Provided data
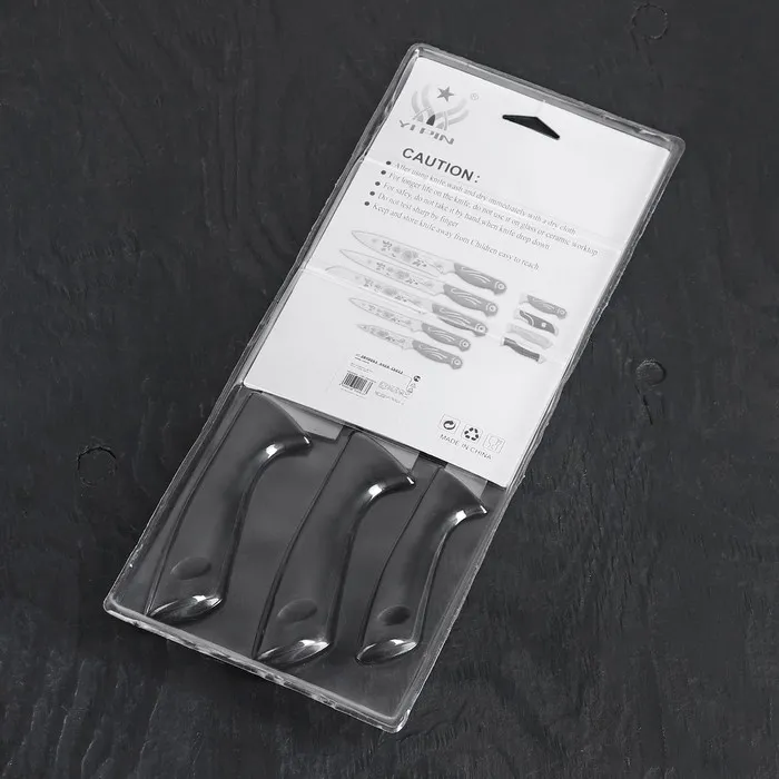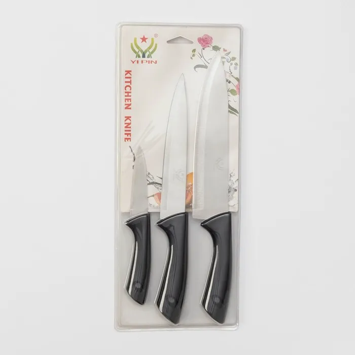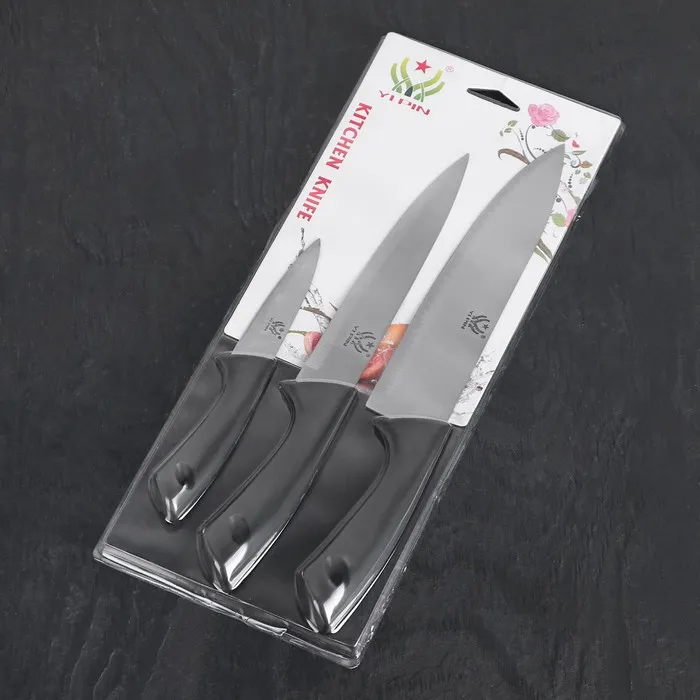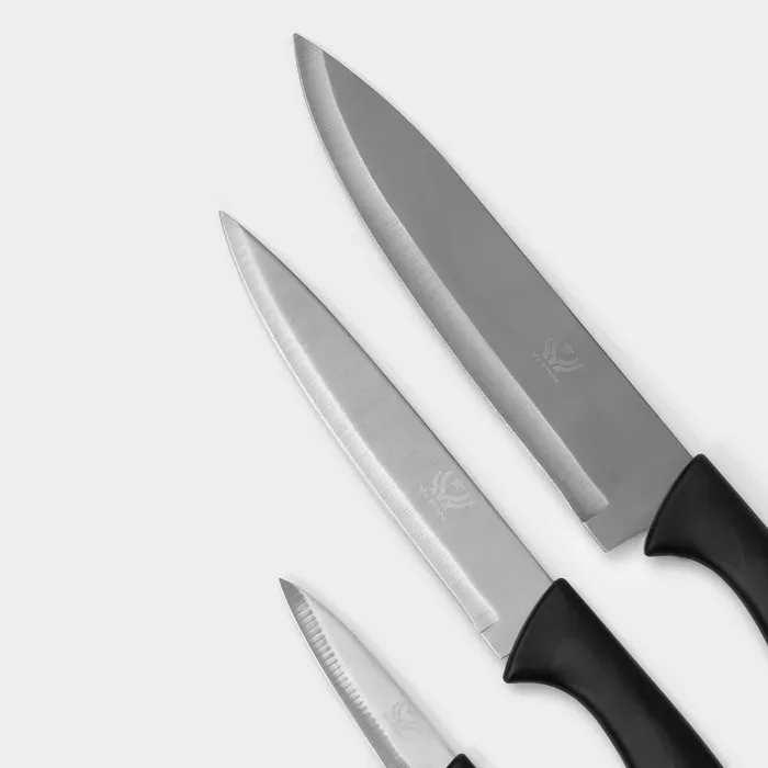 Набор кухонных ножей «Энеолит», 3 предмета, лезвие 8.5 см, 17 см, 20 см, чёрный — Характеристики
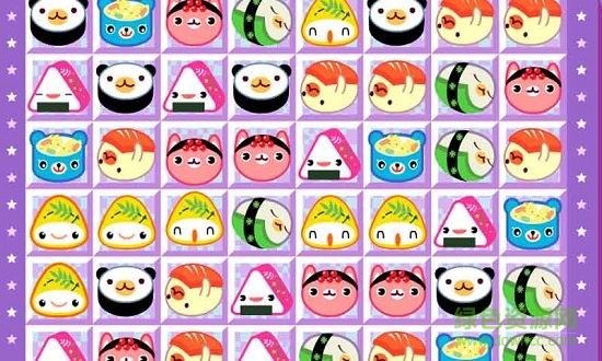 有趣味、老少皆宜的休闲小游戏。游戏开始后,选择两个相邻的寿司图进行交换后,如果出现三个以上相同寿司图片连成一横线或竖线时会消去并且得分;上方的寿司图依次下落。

* * *

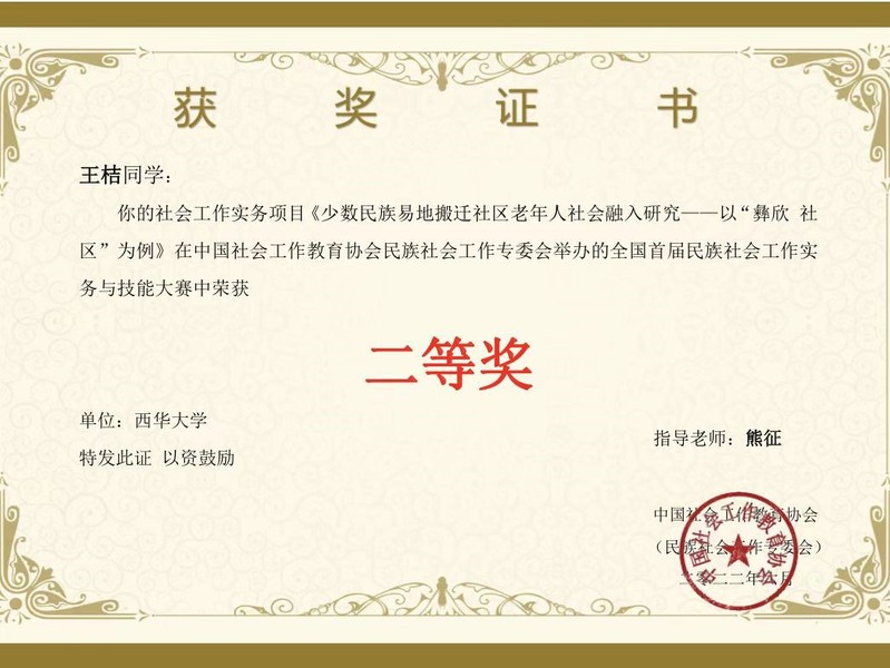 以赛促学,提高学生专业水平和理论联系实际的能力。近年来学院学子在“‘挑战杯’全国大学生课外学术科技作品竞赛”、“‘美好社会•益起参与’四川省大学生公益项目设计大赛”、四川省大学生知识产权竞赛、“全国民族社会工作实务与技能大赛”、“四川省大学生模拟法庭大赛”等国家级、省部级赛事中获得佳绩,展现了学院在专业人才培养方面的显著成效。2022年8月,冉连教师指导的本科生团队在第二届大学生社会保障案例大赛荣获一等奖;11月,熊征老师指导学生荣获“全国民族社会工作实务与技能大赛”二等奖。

How to complete this task
Quote word for word only the lines above from the one containing "Набор кухонных ножей" through the one containing "有趣味、老少皆宜的休闲小游戏". Pictures stay out of your copy.

Response area
 Набор кухонных ножей «Энеолит», 3 предмета, лезвие 8.5 см, 17 см, 20 см, чёрный — Характеристики
 有趣味、老少皆宜的休闲小游戏。游戏开始后,选择两个相邻的寿司图进行交换后,如果出现三个以上相同寿司图片连成一横线或竖线时会消去并且得分;上方的寿司图依次下落。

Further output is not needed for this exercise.